To install multiple packages in one command, make a vector of their names: install.packages(c("PACKAGE1", "PACKAGE2", "PACKAGE3"))

More than 10,000 packages are available for free on CRAN, which is the default app store for R. Many packages are available on Github before they get on CRAN. All of the packages below are available on CRAN.

To install from sources other than CRAN, we first need to install the remotes package by typing install.packages("remotes"). (An alternative is the devtools package: install.packages("devtools")). You can then install from GitHub as follows: remotes::install_github("NAME OF PACKAGE").

Once a package is installed, you must start it by typing library(NAME OF PACKAGE) (Note: no inverted commas!) By default, installed packages are not loaded automatically, which reduces memory usage.

11.2.2 Apps for data handling

  1. tidyverse which is the most frequently used suite of apps on R. This includes dplyr, tidyr and ggplot2 which will be used often for data tables and drawing graphs. The purr and stringr packages are also useful for data transformations and calculations. There is lots of online help on these apps, including RLadies Clean It Up. Here is blogpost on various functions such as filter, arrange, summarise etc., this one with an RNAseq example, and this from Data Carpentry.
  2. DT is a package for making dynamic tables when saving analysis. This only works with HTML outputs.

As is probably true in your own experience, a lot of time spent in quantitative data analysis is spent on data clean up before plotting graphs and doing the analysis ( e.g. removing unwanted variables, sorting, filtering) and transformations ( e.g. removing baseline, calculations of fold-changes, percentages etc.).

If you are doing this already in Excel or Prism, you can continue to that and import data tables into R in the correct format. Of course, purists will do all data handling in R using tidyverse apps and following Tidy data principles.

This can take some time to master in R (as is also true for Excel formulae or Prism which has 8 different table types) and can be a distraction when you want to focus on the statistical analysis.

When first starting out in R for statistics, use a small data set that you have previously analysed in Excel or Prism and can import into R in a format that is suitable for analysis directly ( i.e. without needing data wrangling in tidyverse).

11.2.3 Apps for data analysis

  1. lme4 and lmerTest which are used for linear mixed effects analysis of experiments with repeated-measures or random intercepts (and slopes) [1], [2]. lmerTest adds to lme4 and additionally gives more commonly necessarily details ( e.g. P values) in results of ANOVA. These are widely used and there are lots of Q&A on Stackoverflow. Here are one and two resources on mixed models.
  2. emmeans for post-hoc tests after ANOVA. This is a simple and powerful package, with very good help pages, and an index page of all vignettes [3].
  3. ggResidpanel for automatically plotting ANOVA diagnostics plots.
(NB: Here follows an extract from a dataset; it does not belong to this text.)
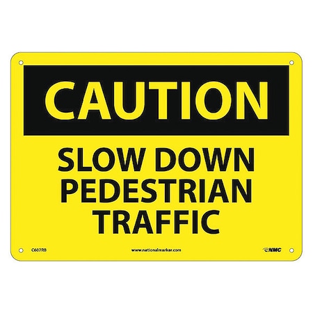 NMC C607RB OSHA Sign, Legend "CAUTION - SLOW DOWN PEDESTRIAN TRAFFIC", 14" Length x 10" Height, Rigid Plastic, Black on Yellow

Here’s the ggResidpanel documentation [4].
  4. boot for logit transformation call, for example for transforming data between 0-1 when not normally distributed [5].
  5. pwr for power analysis before planning experiments [6]. Here is the vignette for simple power analysis [6].
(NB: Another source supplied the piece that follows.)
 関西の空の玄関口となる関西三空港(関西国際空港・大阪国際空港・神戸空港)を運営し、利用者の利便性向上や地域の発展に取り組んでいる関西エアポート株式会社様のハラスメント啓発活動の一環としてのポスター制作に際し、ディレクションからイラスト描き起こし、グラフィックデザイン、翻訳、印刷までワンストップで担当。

11.2.4 Apps for saving results

  1. knitr and rmarkdown help you “knit” your analyses, including raw data, graphs, and the code/commands, as HTML files that you can share with others or use for record keeping. If you want to save them as Word or PDF formats (personally, I do not recommend them), you will also need to separately install TinyTex [7].
  2. kable and kableExtra for creating pretty tables. This is optional. Find out more here [R-kableExtra].
  3. cowplot is a package that has many features for making multi-panel graphs as I have used in this document [8].
  4. ggbeeswarm package is an add-on with more scatterplot options than geom_jitter in ggplot2 [9].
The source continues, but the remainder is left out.